3  Aggregation of evaluators judgments (modeling)

3.1 Notes on sources and approaches

(Consult, e.g., repliCATS/Hanea and others work; meta-science and meta-analysis approaches)

aggreCAT package

Although the accuracy, calibration, and informativeness of the majority of methods are very similar, a couple of the aggregation methods consistently distinguish themselves as among the best or worst. Moreover, the majority of methods outperform the usual benchmarks provided by the simple average or the median of estimates.

Hanea et al, 2021

However, these are in a different context. Most of those measures are designed to deal with probablistic forecasts for binary outcomes, where the predictor also gives a ‘lower bound’ and ‘upper bound’ for that probability. We could roughly compare that to our continuous metrics with 90% CI’s (or imputations for these).

Furthermore, many (all their successful measures?) use ‘performance-based weights’, accessing metrics from prior prediction performance of the same forecasters. We do not have these, nor do we have a sensible proxy for this. (But we might consider ways to develop these.)

link

… we show how experts can be ranked based on their knowledge and their level of (un)certainty. By letting experts specify their knowledge in the form of a probability distribution, we can assess how accurately they can predict new data, and how appropriate their level of (un)certainty is. The expert’s specified probability distribution can be seen as a prior in a Bayesian statistical setting. We evaluate these priors by extending an existing prior-data (dis)agreement measure, the Data Agreement Criterion, and compare this approach to using Bayes factors to assess prior specification. We compare experts with each other and the data to evaluate their appropriateness. Using this method, new research questions can be asked and answered, for instance: Which expert predicts the new data best? Is there agreement between my experts and the data? Which experts’ representation is more valid or useful? Can we reach convergence between expert judgement and data? We provided an empirical example ranking (regional) directors of a large financial institution based on their predictions of turnover.

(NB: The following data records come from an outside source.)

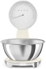 Bilancia da cucina meccanica - portata massima 5 kg. - divisione minima 1 gr. - display analogico - appoggio alimenti ciotola - contenitore/piano acciaio inox 1,8 lt. - struttura in metallo-acciaio inox - colore panna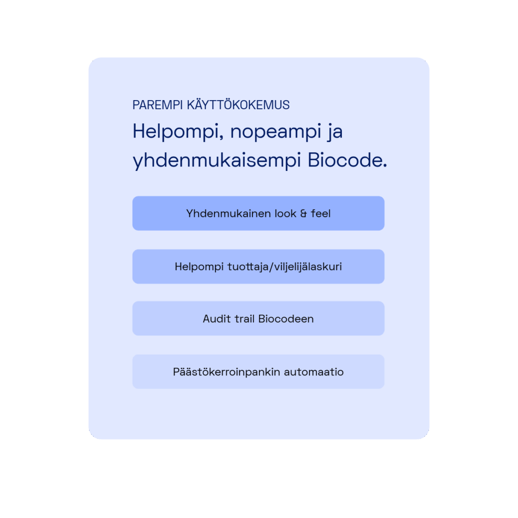 1. Parempi käyttökokemus: hiilijalanjälkilaskenta pitää olla helppoa Biocodessa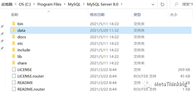 等待命令执行片刻后便在MySQL Server目录下生成了一个data文件如果没有这个文件,下面的命令会报错,所以必须要确定这个文件是否存在。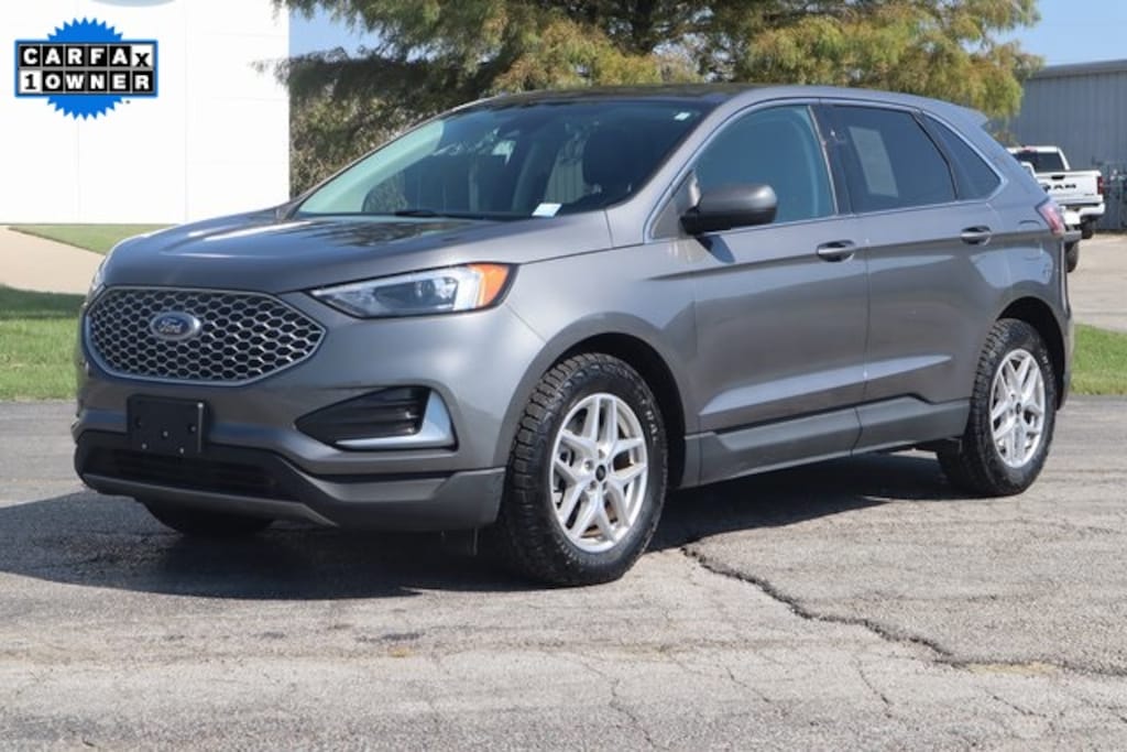 Gray Metallic 2024 Ford Edge SEL AWD 8-Speed Automatic EcoBoost 2.0L I4 GTDi DOHC Turbocharged VCT AWD, ActiveX Trimmed Heated Bucket Seats, Auto High-beam Headlights, Auto-dimming Rear-View mirror, Automatic temperature control, Brake assist, Bumpers: body-color, Compass, Driver door bin, Driver vanity mirror, Electronic Stability Control, Equipment Group 201A, Front Bucket Seats, Front Center Armrest w/Storage, Front dual zone A/C, Front License Plate Bracket, Front reading lights, Fully automatic headlights, Heated door mirrors, Heated front seats, Illuminated entry, Leather steering wheel, Low tire pressure warning, Outside temperature display, Overhead console, Panic alarm, Passenger vanity mirror, Power door mirrors, Power driver seat, Power passenger seat, Power steering, Power windows, Rear Parking Sensors, Rear reading lights, Rear seat center armrest, Rear window defroster, Remote keyless entry, Speed control, Split folding rear seat, Spoiler, Steering wheel mounted audio controls, SYNC 4A w/Enhanced Voice Recognition, Tachometer, Telescoping steering wheel, Tilt steering wheel, Trip computer, Wheels: 18" Sparkle Silver-Painted Aluminum.

Be sure to consult the correction made here

See Gsheet HERE, generated from an Elicit.org inquiry.

In spite of the caveats in the fold above, we construct some measures of aggregate beliefs using the aggrecat package. We will make (and explain) some ad-hoc choices here. We present these:

  1. For each paper
  2. For categories of papers and cross-paper categories of evaluations
  3. For the overall set of papers and evaluations

We can also hold onto these aggregated metrics for later use in modeling.

  • Simple averaging

  • Bayesian approaches

  • Best-performing approaches from elsewhere

  • Assumptions over unit-level random terms

Simple rating aggregation

Explicit modeling of ‘research quality’ (for use in prizes, etc.)

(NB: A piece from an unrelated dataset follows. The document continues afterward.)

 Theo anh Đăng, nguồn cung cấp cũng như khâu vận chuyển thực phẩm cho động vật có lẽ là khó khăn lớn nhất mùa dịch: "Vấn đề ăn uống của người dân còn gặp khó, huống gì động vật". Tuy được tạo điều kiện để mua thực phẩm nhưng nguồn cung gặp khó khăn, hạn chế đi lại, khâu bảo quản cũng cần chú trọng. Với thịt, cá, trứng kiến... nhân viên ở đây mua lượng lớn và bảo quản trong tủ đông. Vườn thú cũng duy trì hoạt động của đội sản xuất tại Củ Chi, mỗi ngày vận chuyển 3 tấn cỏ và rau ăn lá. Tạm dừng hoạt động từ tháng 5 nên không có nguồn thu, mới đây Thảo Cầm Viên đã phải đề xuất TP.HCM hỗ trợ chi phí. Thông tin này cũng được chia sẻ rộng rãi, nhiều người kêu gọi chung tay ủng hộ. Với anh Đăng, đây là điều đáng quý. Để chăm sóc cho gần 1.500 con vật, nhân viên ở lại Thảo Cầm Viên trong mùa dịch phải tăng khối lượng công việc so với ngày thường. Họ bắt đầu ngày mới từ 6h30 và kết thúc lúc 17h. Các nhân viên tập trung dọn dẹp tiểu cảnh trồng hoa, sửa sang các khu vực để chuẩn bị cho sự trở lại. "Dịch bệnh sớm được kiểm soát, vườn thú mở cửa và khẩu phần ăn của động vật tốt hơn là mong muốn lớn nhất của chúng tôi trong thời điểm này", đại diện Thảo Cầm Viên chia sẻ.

  • Use the above aggregation as the outcome of interest, or weight towards categories of greater interest?

  • Model with controls – look for greatest positive residual?

3.2 Inter-rater reliability

Inter-rater reliability is a measure of the degree to which two or more independent raters (in our case, paper evaluators) agree. Here, the ratings are the 7 aspects of each paper that evaluators were asked to rate. For each paper, we can obtain one value that summarizes the agreement between the two or three evaluators. Values closer to 1 indicate evaluators seem to agree on what score to attribute to a given paper across categories, while values close to zero indicate raters do not agree, and negative values indicate that raters have opposing opinions.

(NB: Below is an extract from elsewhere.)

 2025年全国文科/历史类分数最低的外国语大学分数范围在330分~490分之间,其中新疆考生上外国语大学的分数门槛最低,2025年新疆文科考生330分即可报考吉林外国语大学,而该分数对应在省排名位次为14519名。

We use Krippendorff’s alpha as a measure of interrater agreement. Krippendorff’s alpha is a more flexible measure of agreement and can be used with different levels of data (categorical, ordinal, interval, and ratio) as well as different numbers of raters. It automatically accounts for small samples, and allows its coefficient to be compared across sample sizes.

The calculation displayed below was done using the function kripp.alpha implemented by Jim Lemon in the package irr and is based on Krippendorff, K. (1980). Content analysis: An introduction to its methodology. Beverly Hills, CA: Sage.

Krippendorff’s alpha can range from -1 to +1, and it can be interpreted similarly to a correlation: values closer to +1 indicate excellent agreement between evaluators; values closer to 0 indicate there is no agreement between evaluators; and negative values indicate that there is systematic disagreement between evaluators beyond what can be expected by chance alone, such that ratings are reversed – where a given evaluator tends to rate something as high, the other(s) tend to rate it as low, and vice versa. Source: Inter-Annotator Agreement: An Introduction to Krippendorff’s Alpha by Andrew Mauboussin

Despite the complexity of the calculations, Krippendorff’s alpha is fundamentally a Kappa-like metric. Its values range from -1 to 1, with 1 representing unanimous agreement between the raters, 0 indicating they’re guessing randomly, and negative values suggesting the raters are systematically disagreeing. (This can happen when raters value different things — for example, if rater A thinks a crowded store is a sign of success, but rater B thinks it proves understaffing and poor management).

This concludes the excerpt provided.